En ese sentido, insistió en que las comunidades deben apropiarse de sus espacios y dinámicas, promoviendo la escucha y el bien común por encima de los intereses individuales.
También afirmó que la reconciliación comunitaria requiere reconocer los hechos que causaron daño y abrir procesos de diálogo orientados a erradicar la violencia y alcanzar acuerdos mínimos de convivencia.
“Si yo abandono completamente ese espacio de diálogo e interlocución de ideas, entonces me estoy dejando llevar por un estereotipo o prejuicio y estoy minando cualquier posibilidad de reconciliación”, sostuvo.

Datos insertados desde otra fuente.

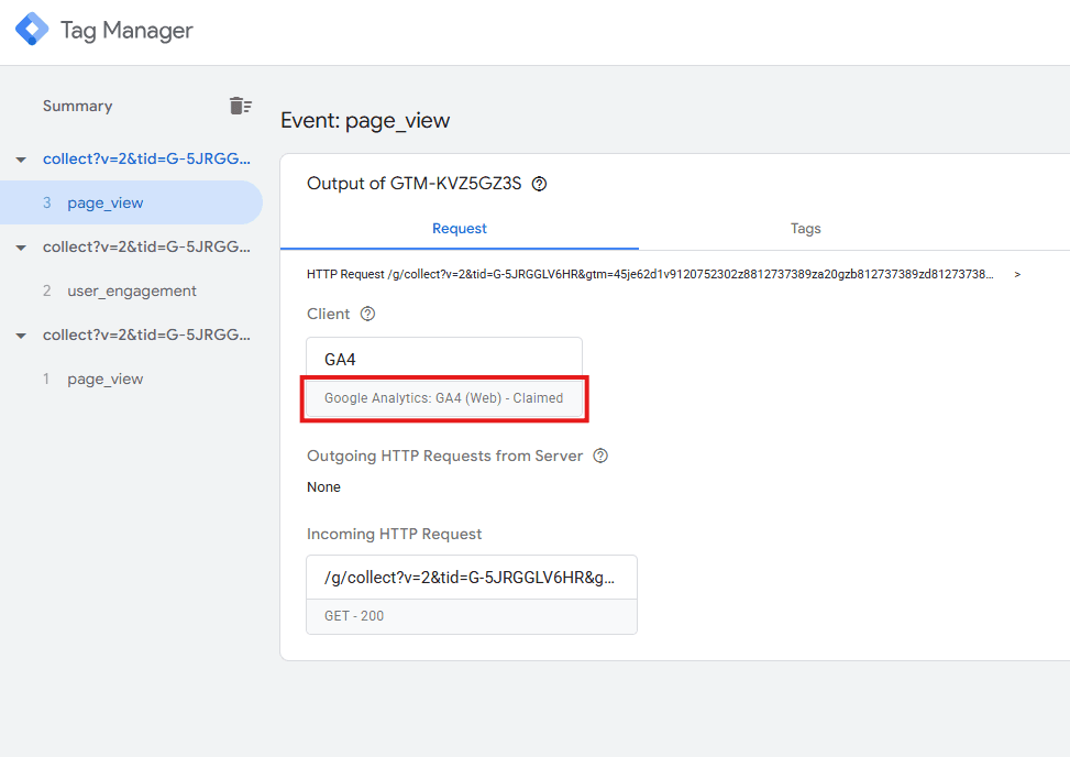 Passo 5: Ao mesmo tempo, coloque o contêiner GTM do lado do servidor no modo Preview e você deverá ver a solicitação via cliente do GA4, conforme mostrado abaixo.
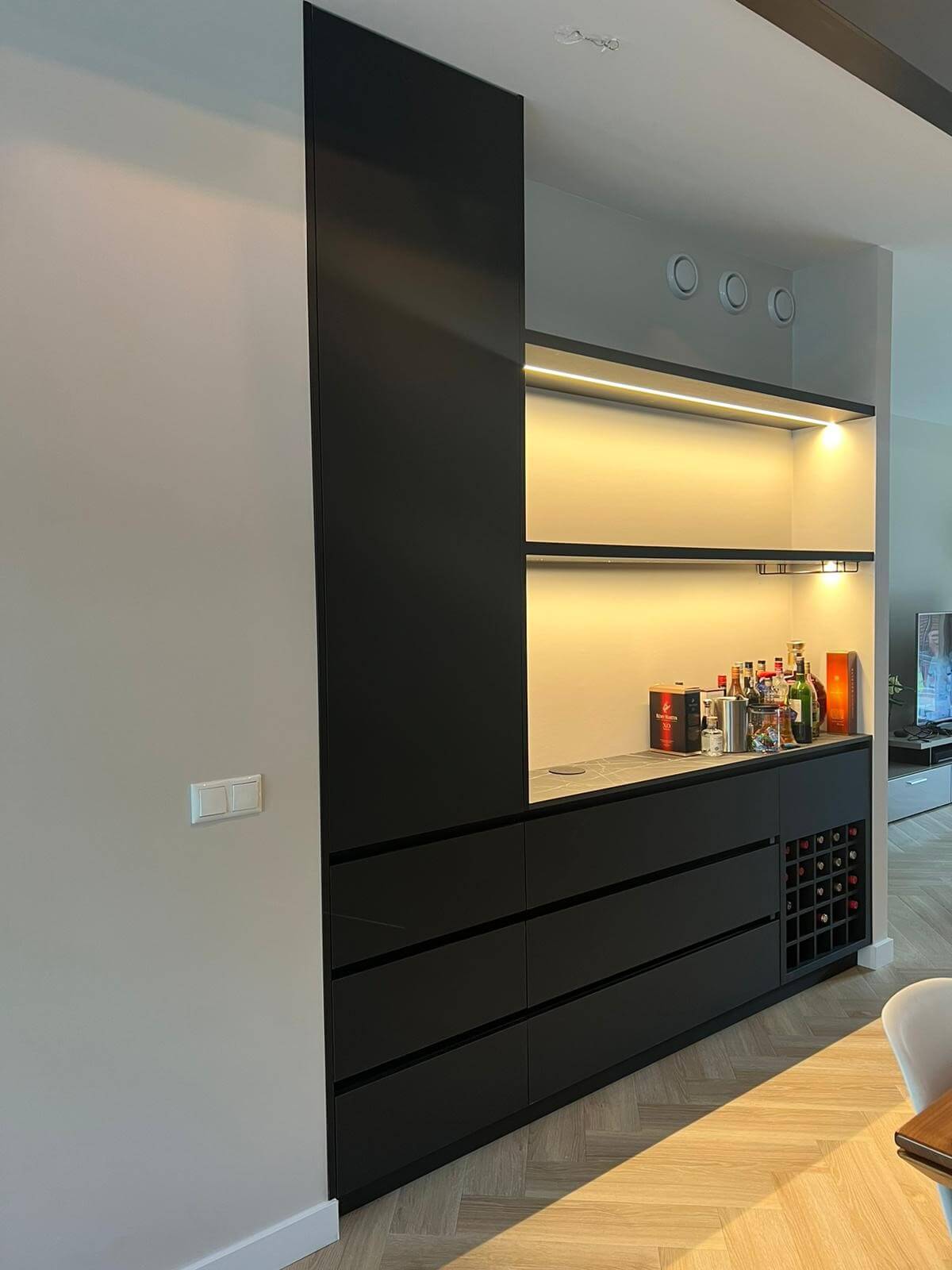 Alles wordt op maat gemaakt. We werken dus niet vanuit standaard maten of indelingen. Om tot het beste resultaat en één geheel te komen, werken wij samen met binnenhuisadviseurs. Een custom-made keuken als echte eyecatcher in uw huis, inbouwkasten of inloopkasten; wij realiseren de wens van de klant met volledig maatwerk.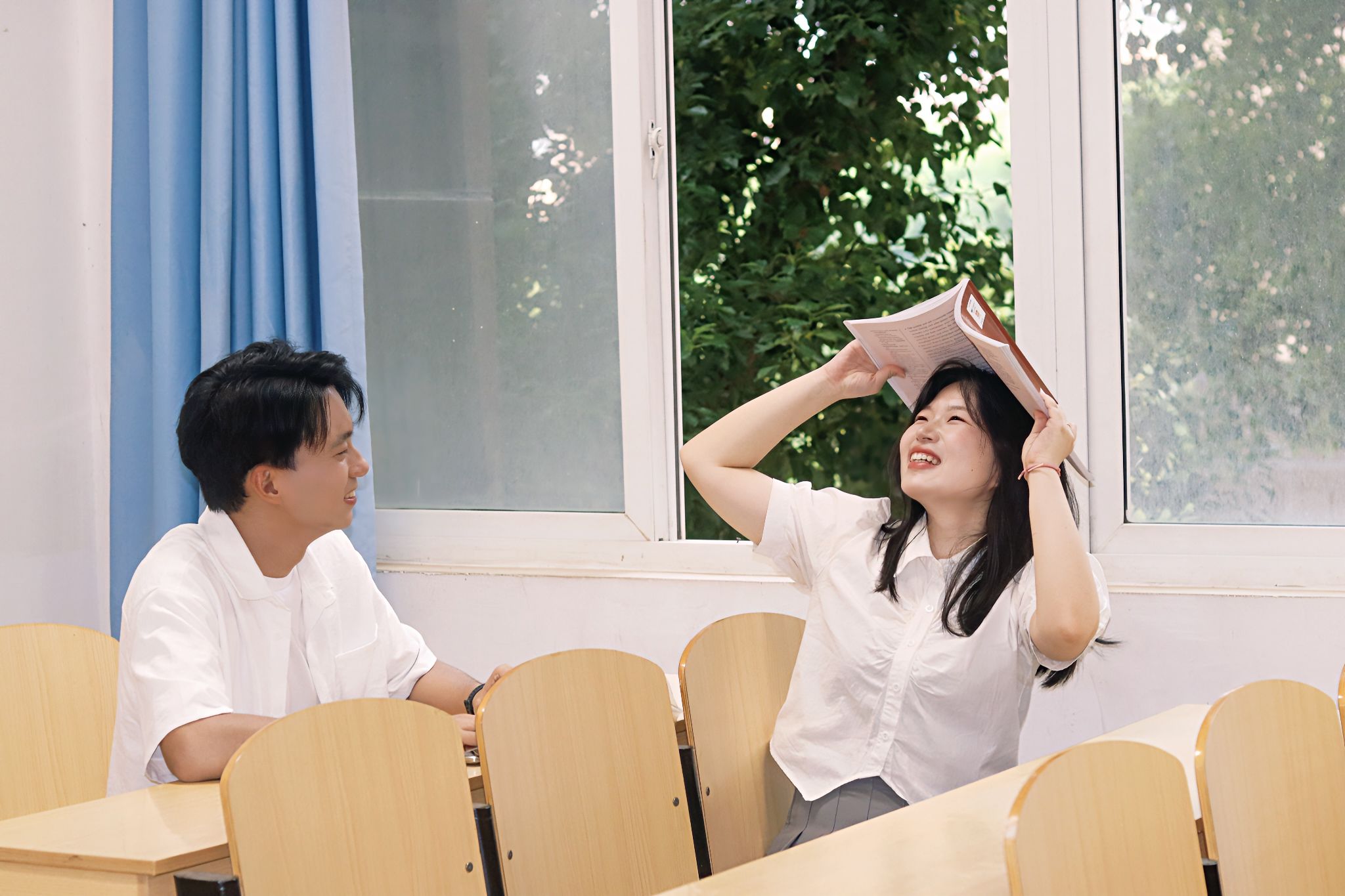 男生看女生读书 张贝贝摄

Sin reconciliación comunitaria no se puede hablar de democracia
El jesuita aseguró que la reconciliación comunitaria es un camino largo, pero indispensable para fortalecer la democracia en el país.
“No podemos hablar de democracia en el país si en nuestras estructuras más cercanas no la practicamos”, sostuvo.
Asimismo, destacó el papel de los jueces de paz como una figura de arbitraje en el ámbito comunitario ya que, aunque forman parte del sistema judicial, su función es escuchar a las partes y buscar soluciones mediante mecanismos de justicia restaurativa, con el objetivo de minimizar los daños, reparar a las personas afectadas y velar por el bienestar de la comunidad.
El integrante del Centro Gumilla agregó que las comunidades deben procurar que las necesidades de las personas no se conviertan en factores que alimenten la violencia y consideró necesario alcanzar acuerdos básicos que permitan garantizar la paz y la convivencia.
Enfatizó que la reconciliación solo es posible cuando existe un compromiso común de impedir que las diferencias o conflictos vuelvan a traducirse en agresiones o violencia.